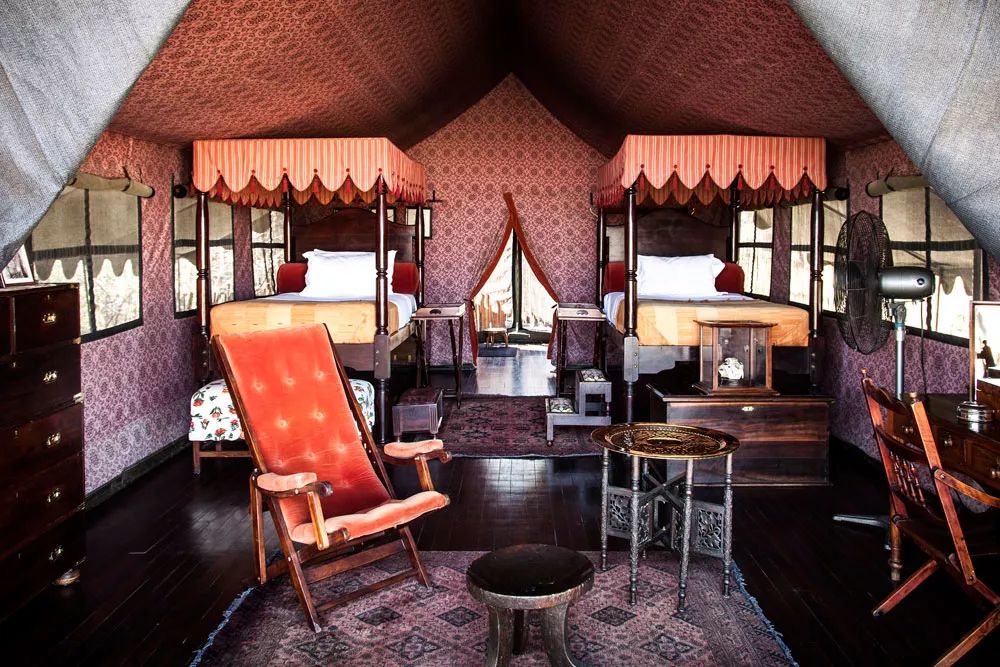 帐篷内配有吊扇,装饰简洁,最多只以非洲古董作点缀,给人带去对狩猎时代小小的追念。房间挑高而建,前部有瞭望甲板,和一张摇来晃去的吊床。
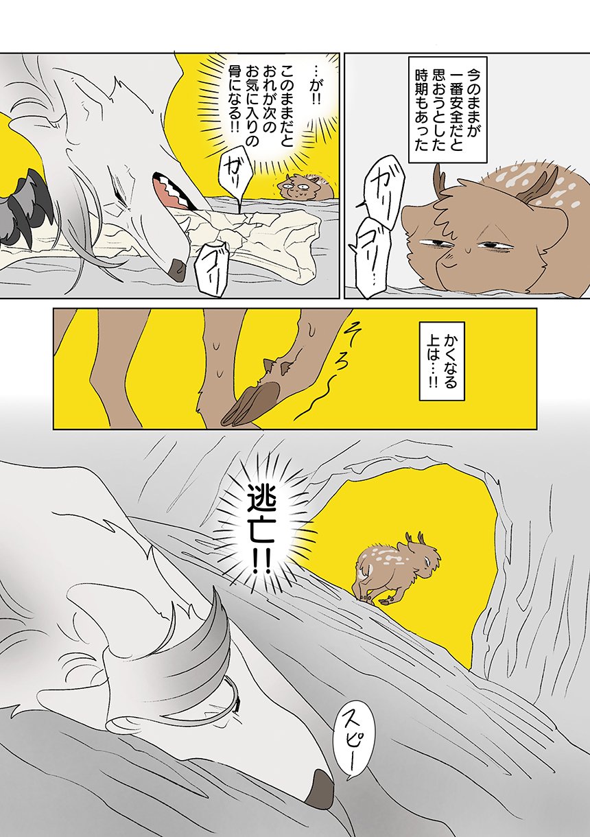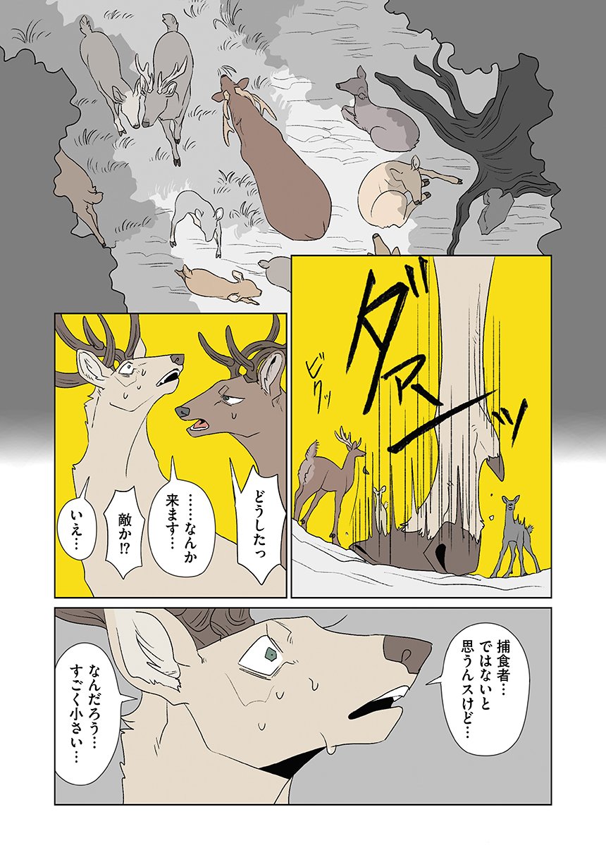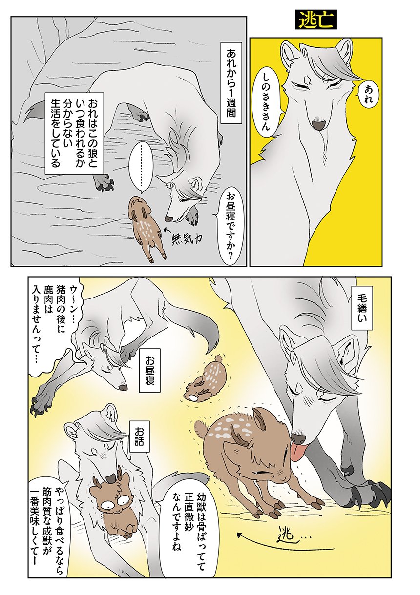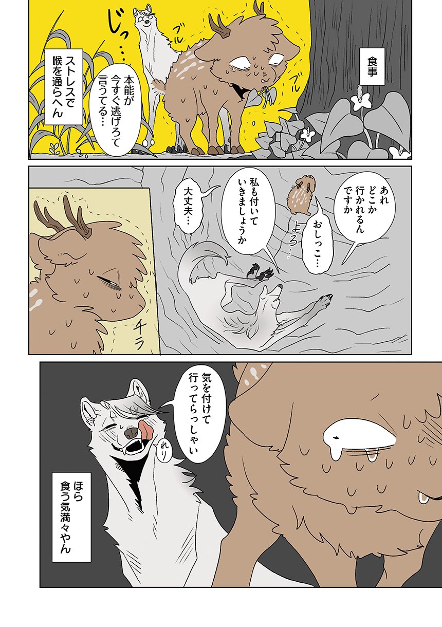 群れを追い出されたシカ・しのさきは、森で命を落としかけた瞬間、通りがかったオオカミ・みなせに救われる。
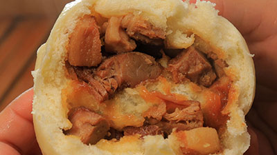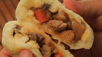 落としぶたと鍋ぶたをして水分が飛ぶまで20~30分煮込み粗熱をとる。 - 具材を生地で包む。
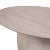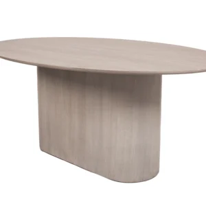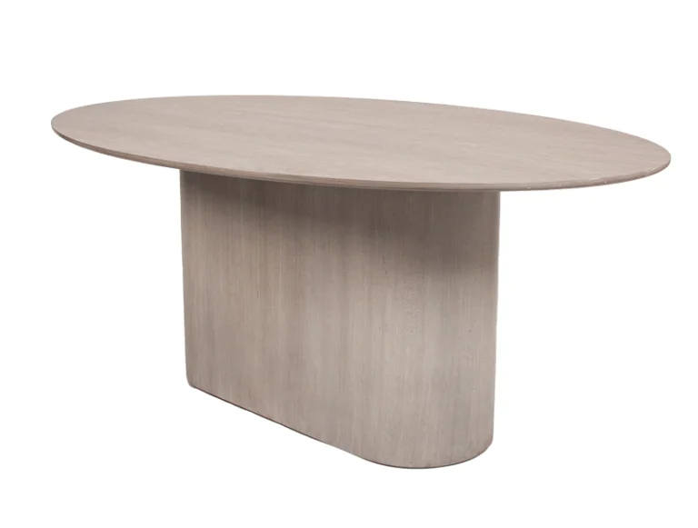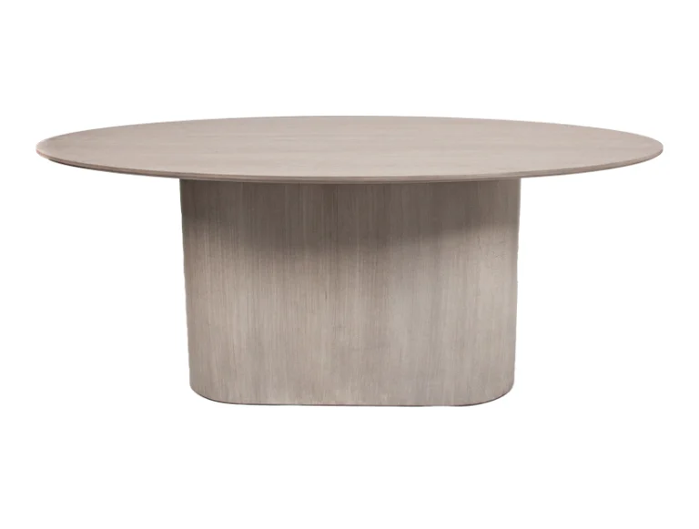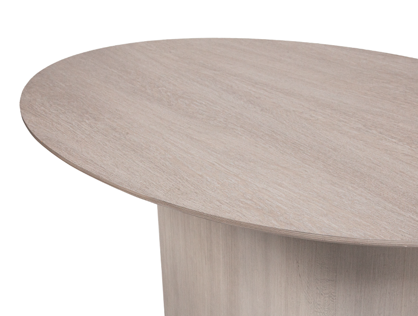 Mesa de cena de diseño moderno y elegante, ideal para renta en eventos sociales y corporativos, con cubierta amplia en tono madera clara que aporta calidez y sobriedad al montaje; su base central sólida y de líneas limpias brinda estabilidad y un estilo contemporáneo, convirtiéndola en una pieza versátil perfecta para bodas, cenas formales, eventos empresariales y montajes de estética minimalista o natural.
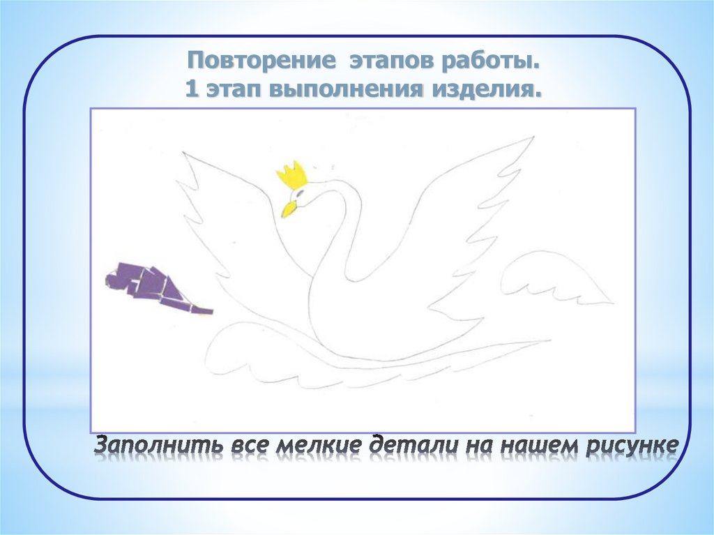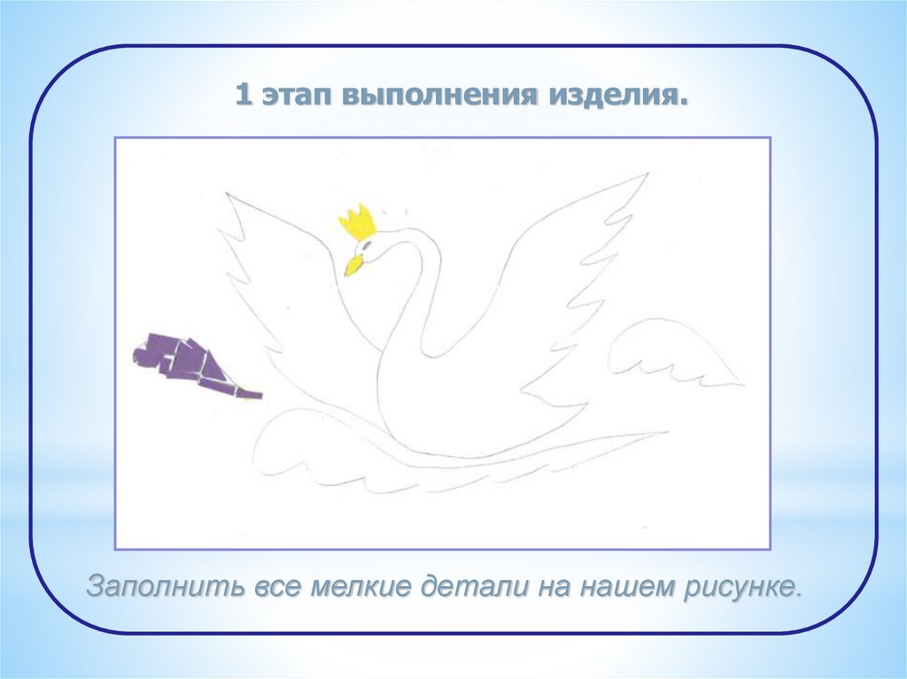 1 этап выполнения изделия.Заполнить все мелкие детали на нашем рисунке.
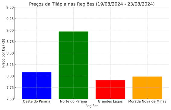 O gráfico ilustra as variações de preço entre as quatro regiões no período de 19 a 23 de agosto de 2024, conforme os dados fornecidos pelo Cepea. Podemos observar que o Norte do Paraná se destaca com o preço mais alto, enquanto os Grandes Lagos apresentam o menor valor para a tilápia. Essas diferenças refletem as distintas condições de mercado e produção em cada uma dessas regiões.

════

What you are asked to do:
Hand back the exact lines from the start of the entries to the line with "落としぶたと鍋ぶたをして水分が飛ぶまで20~30分煮込み粗熱をとる。 - 具材を生地で包む。", both ends kept and pictures left out.

Answer to the exercise:
 帐篷内配有吊扇,装饰简洁,最多只以非洲古董作点缀,给人带去对狩猎时代小小的追念。房间挑高而建,前部有瞭望甲板,和一张摇来晃去的吊床。
 群れを追い出されたシカ・しのさきは、森で命を落としかけた瞬間、通りがかったオオカミ・みなせに救われる。
 落としぶたと鍋ぶたをして水分が飛ぶまで20~30分煮込み粗熱をとる。 - 具材を生地で包む。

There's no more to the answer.